Hace unos días la división entre los que están a favor de un ataque a Iraq y los que piden más tiempo para los trabajos de los inspectores de la ONU, alcanzó una intensidad espectacular cuando el Ministro alemán de Relaciones Exteriores Joshka Fischer, dejó perfectamente claro que su país no está convencido y, por lo tanto, no puede aceptar la guerra contra Iraq.
La declaración del Canciller alemán fue tan vehemente que incluso utilizó el idioma inglés para que no le quedasen dudas a su interlocutor el Secretario de la Defensa norteamericano Rumsfeld. No importa la poca difusión que la prensa haya dado al grave diferendo. El poder de Estados Unidos ha sido abiertamente retado.
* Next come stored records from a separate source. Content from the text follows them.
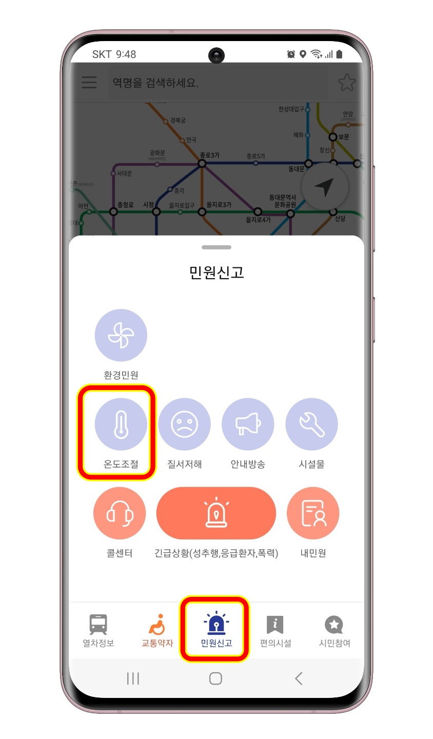 민원신고를 하고자 할 때는 [서울지하철공사 고객센터] 혹은 [또타지하철]앱을 이용하여 냉난방 민원 신고를 하면 됩니다.
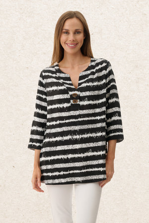 Crafted from 100% rayon, this lightweight top features an all-over print that adds sophistication to your wardrobe. Designed with a relaxed pop-over style, it offers easy wearability and effortless style.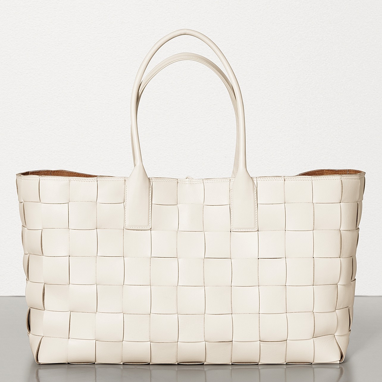 - Horizontal tote in an orthogonal maxi weave- An evolution of the Maxi Cabat- Nappa fettucce bonded with suede for a softer look- Interior zipped flat pocket- Includes a smooth nappa pouch that attaches to an interior ring- Rolled leather handles- Leather string closureSize: 45 x 28 x 16.5 cmComes with Bottega Veneta dust bag and authenticity card.

No es que se ponga en duda la gravedad de la situación. La proliferación incontrolada de armas de destrucción masiva en el mundo es un peligro incalculable por la probabilidad de que más pronto que tarde esas armas caigan en manos de terroristas dotándoles de un horrendo poder de amago. Lo anterior justifica una guerra sin cuartel contra el terrorismo en todas sus formas y en todos sus pretextos, sean las acciones criminales de individuos o grupos sin causa o los que se autonombran luchadores por la libertad.
Pero la lucha contra el terrorismo tiene que hacerse racionalmente y sopesar fríamente los efectos de cada opción. Para ello, antes de querer llevar al mundo a una “guerra preventiva”, hay que comparar el pavoroso drama que seguro significará una acción militar para cientos de miles de poblaciones civiles y, por otra parte, la mera expectiva de una futura agresión terrorista por terrible que fuera.
El que haya naciones que están decididas a confrontar la decisión bélica de Estados Unidos significa que por fin se asoma el inicio de una nueva etapa en el equilibrio de fuerzas internacionales. La hegemonía norteamericana, hecho que ha venido siendo universalmente admitida, es ahora cuestionada. El uso que ha hecho de ella ese país llegó a lo intolerable. La gravedad del dilema que el Presidente Bush plantea al mundo entero es de una brutalidad tan colosal que se ha pasado de la aceptación sumisa a sus deseos a la franca oposición.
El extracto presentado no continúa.